Wild Spirit, which art moving everywhere;
Destroyer and preserver; hear, oh, hear!
Destroyer and preserver; hear, oh, hear!
About This Quote
These lines open Percy Bysshe Shelley’s “Ode to the West Wind” (1819), a lyric invocation addressed to the autumn wind. Shelley wrote the poem in Italy during a period of intense political disillusionment and personal strain, and the ode channels that turbulence into a ritual-like appeal to a natural force imagined as both violent and regenerative. The speaker calls on the West Wind as a roaming “Spirit” whose seasonal power strips the world down even as it prepares renewal.
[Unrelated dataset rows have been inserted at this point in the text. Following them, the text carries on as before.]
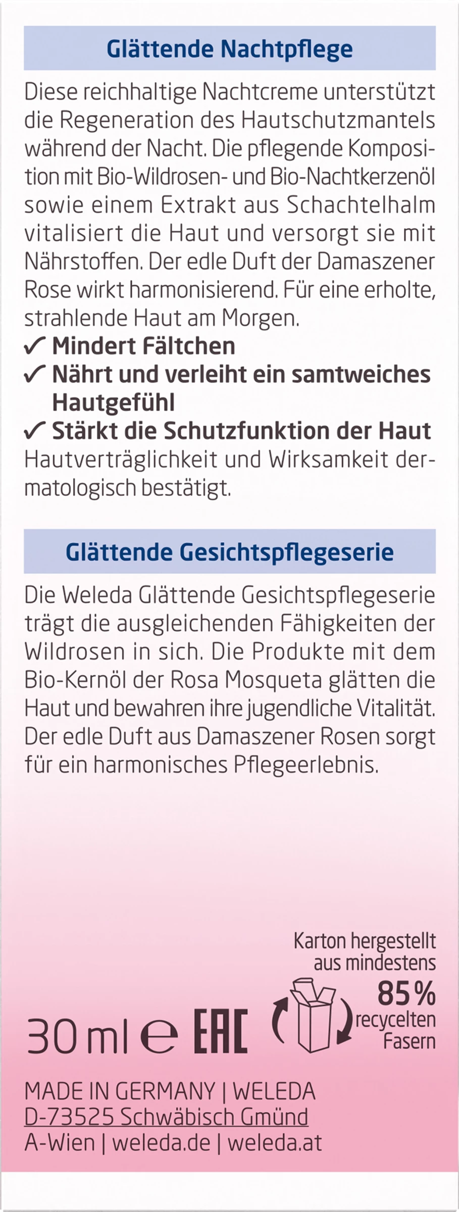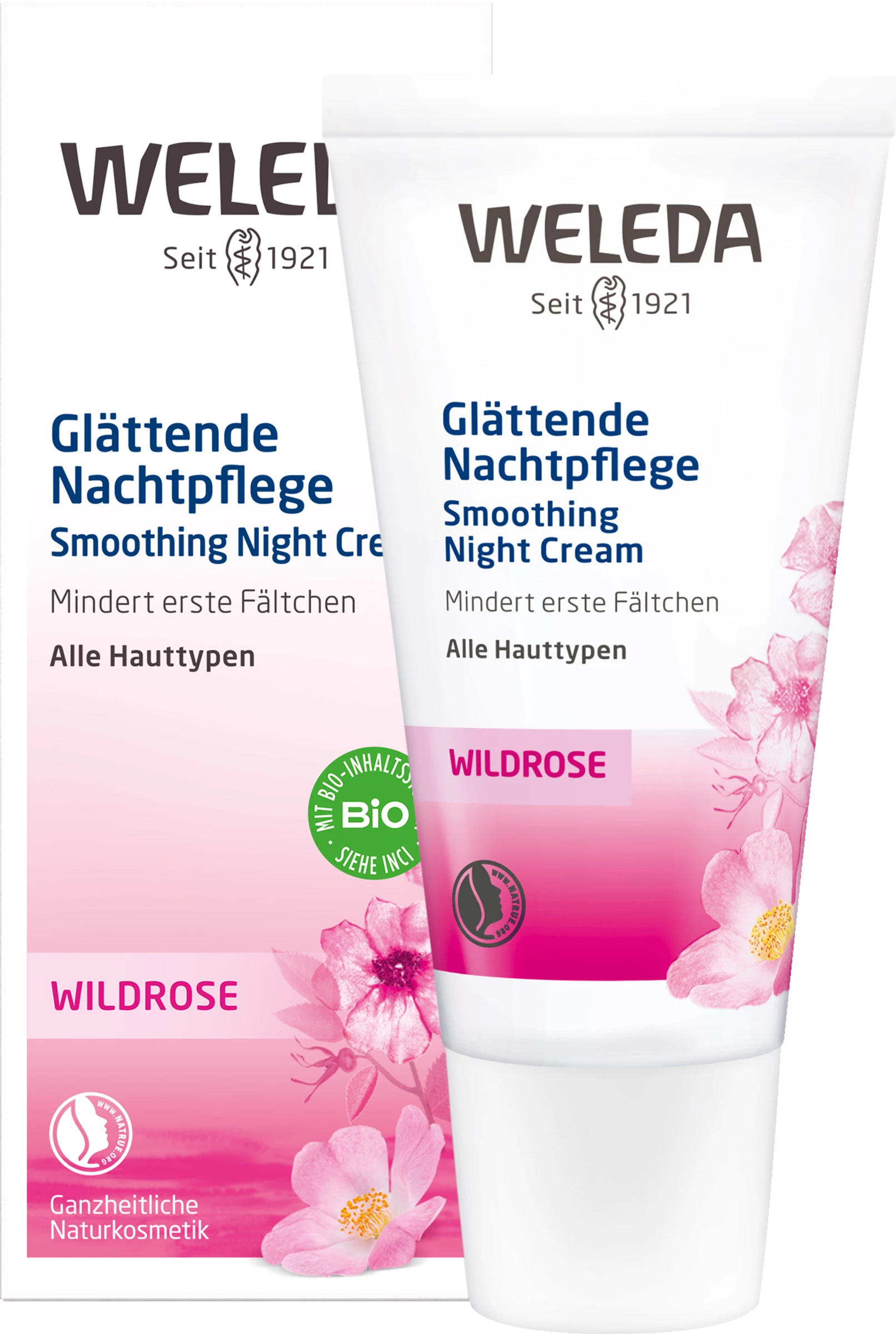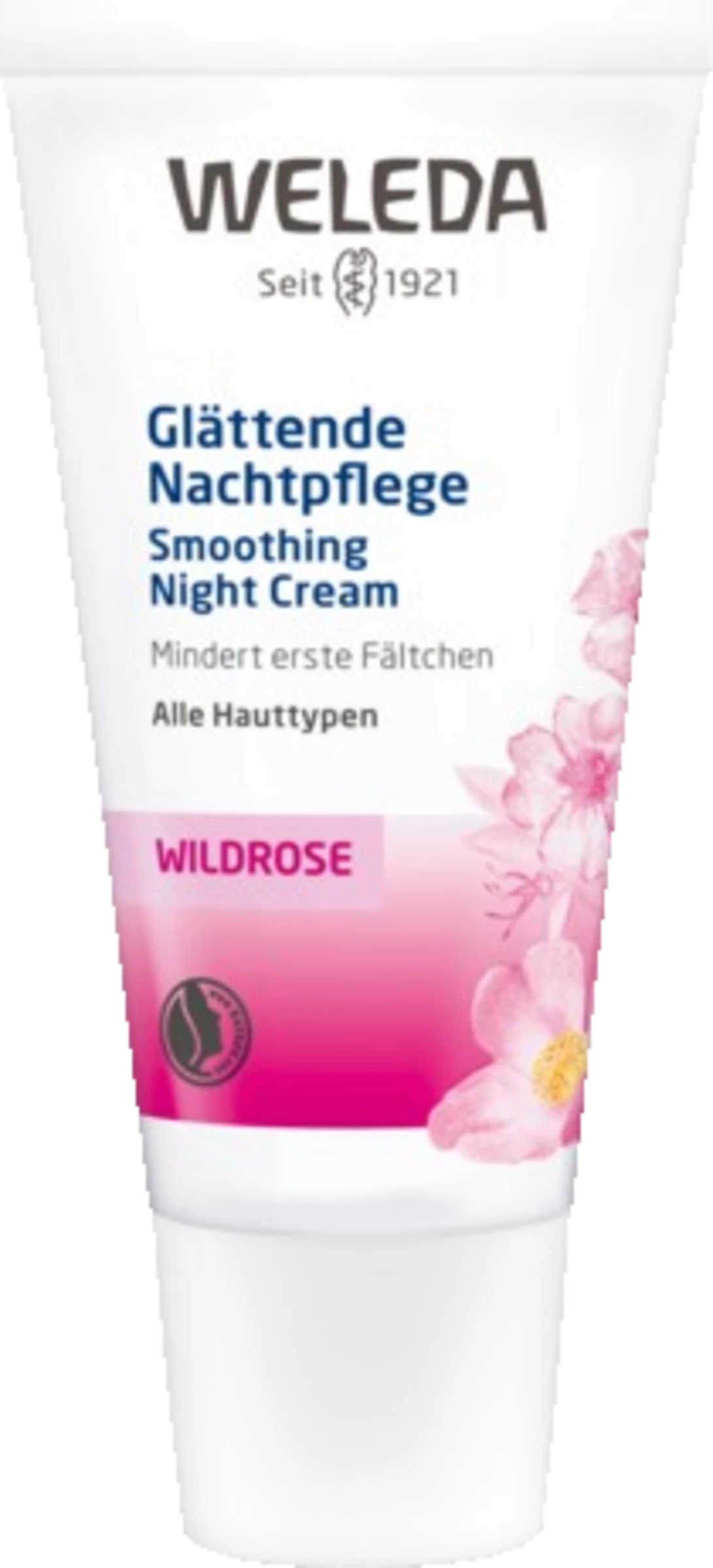 Die Wildrose Glättende Nachtpflege regeneriert die Haut, stärkt den Hautschutzmantel und mindert erste Fältchen.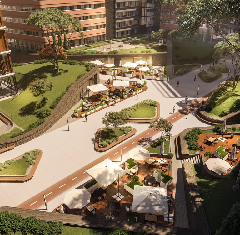 The office buildings are strategically positioned along the main boulevards, serving not only as prominent business hubs but also as a buffer that shields the inner residential areas from noise. At street level, the complex includes commercial and public spaces designed to bring life to the area, fostering social interaction and creating a vibrant, community-oriented atmosphere.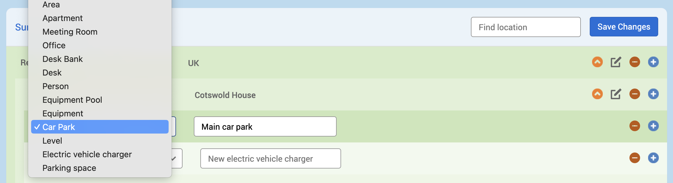 Select your location or resource type from the drop-down list (for example, Car Park).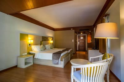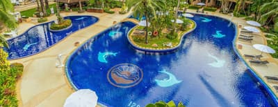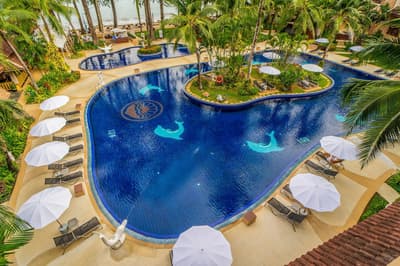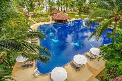 Et si le Best Western Bangtao Beach Resort & Spa était l’hôtel familial zéro défaut de Phuket ? Pour commencer, il y a l'emplacement : juste au bord d’une plage de rêve, sur la côte Ouest de l’île, celle de Bang Thao. Soit 7 kilomètres de sable blond et des arguments-chocs : elle est préservée, propre et jamais bondée. Idéale pour des séances baignade-bronzette ou de longues balades pieds nus… Sympa et pratique aussi, le quartier, où on trouve de tout. Et l’hôtel ? Zen, convivial, à taille humaine. Une juste dose entre activités sportives, animations soft et farniente. Il est isolé par de grands arbres qui n’obstruent pas la vue mer et permettent d’éviter le plein cagnard. Le site, verdoyant, se répartit autour de deux grandes piscines plutôt originales : des dauphins statufiés font office de jets d’eau, d’autres sont dessinés en mosaïques au fond du bassin. Un peu kitsch, mais original. Repérez vite le charmant îlot central au milieu de l’eau avec ses quelques transats, c'es le meilleur spot de l'hôtel. Les restaurants donnent sur la piscine et la mer, comme presque toutes les chambres, certaines communicantes. Un peu à l’écart, les bungalows sont plus indépendants, plus élégants aussi avec leur haut plafond pointu habillé de bois. Et tout cela est incroyablement dépaysant.

The apostrophic “hear, oh, hear!” establishes the poem’s prayerful, incantatory tone and frames the wind as an agent capable of answering human desire and transforming the poet’s voice.
Interpretation
The “Wild Spirit” is the West Wind personified as an elemental intelligence that moves through all realms—earth, sky, and sea—making it “moving everywhere.” Calling it both “Destroyer and preserver” captures Shelley’s central paradox: the same force that scatters dead leaves and drives storms also carries “seeds” toward future spring. The plea “hear, oh, hear!” signals that the poem is not mere description but a supplication for communion with power—an attempt to enlist nature’s cyclical energy for moral, imaginative, and (implicitly) political renewal. The lines set up the ode’s larger movement from observing the wind’s might to asking that might to animate the poet’s own words.
Source
Percy Bysshe Shelley, “Ode to the West Wind” (1819), Part I, opening lines.